Biodegradation of carbon tetrachloride from groundwater in an upflow solid-phase biofilm system

In the present study, an upflow solid-phase denitrification biofilm reactor (US-DBR) was applied for simultaneous carbon tetrachloride (CT) and nitrate removal from groundwater by using poly(butylene succinate) (PBS) as carbon source and biocarrier. After 80 days continuous operation, the nitrate and CT removal efficiencies in the biofilm reactor were high of 98% and 94.3%, respectively. After PBS-biofilm formation, protein (PN) content in loosely bound extracellular polymeric substances (LB-EPS) and tightly bound EPS (TB-EPS) significantly increased 2.6 and 4.0 times higher in the presence of CT than those of absence of CT, while PS increased 1.9 and 2.0 times higher.
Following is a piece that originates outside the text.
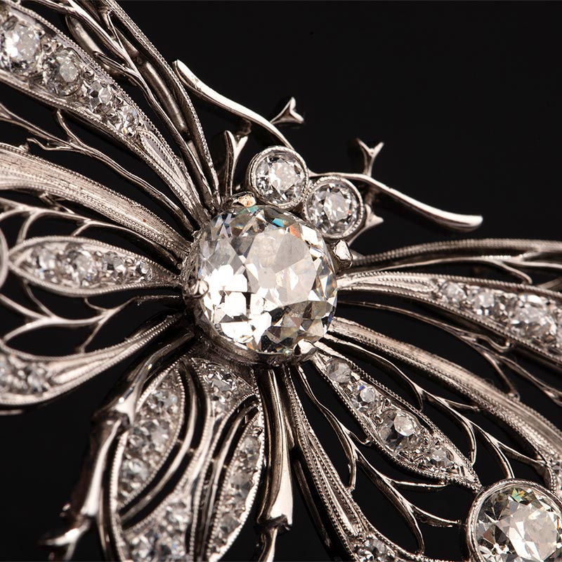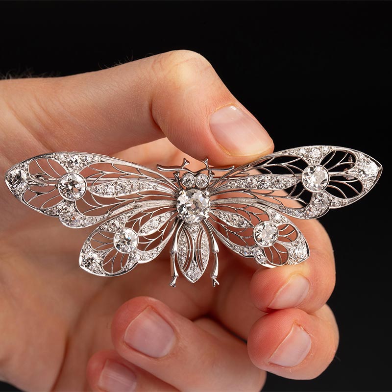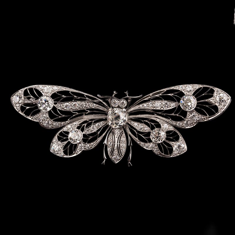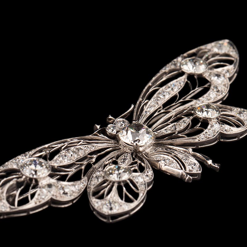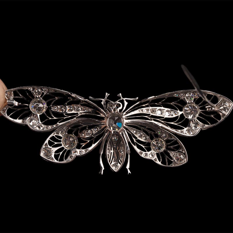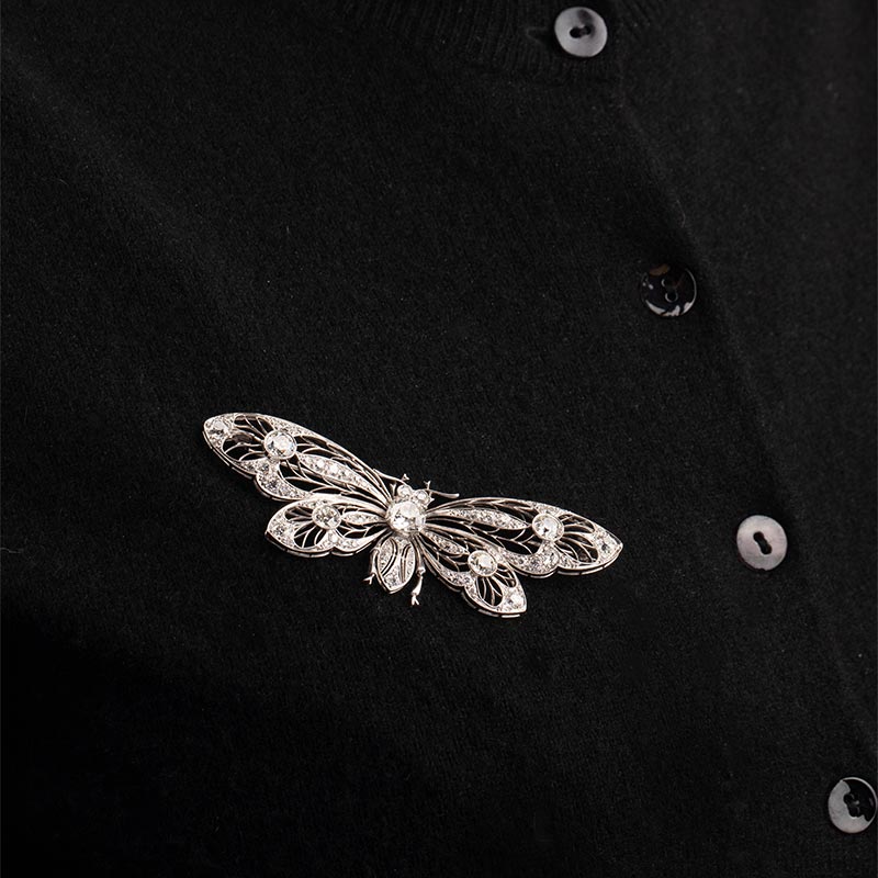 20世纪初欧洲出品新艺术风格蝴蝶造型铂金镂雕镶嵌钻石胸针

According to excitation-emission matrix (EEM), CT exposure contributed to the increased fluorescent intensities of the aromatic PN-like and tryptophan PN-like substances. Along with the height of US-DBR, the denitrification activity was inhibited by the CT exposure, and most of CT was significant transformed accompanied by nitrate removal. Two components of soluble microbial products (SMP) were identified, including humic-like substances for component 1 and PN-like substances for component 2, respectively. It was found from high-throughput 16S rRNA gene sequencing analysis that significant differences were observed at genus level by taxonomic assignments to CT exposure. Thiobacillus, Thauera, Candidatus_Competibacter and Hydrogenophaga were the main genus in the presence of CT at the proportion of 6.77%, 5.47%, 3.59% and 3.17%, respectively.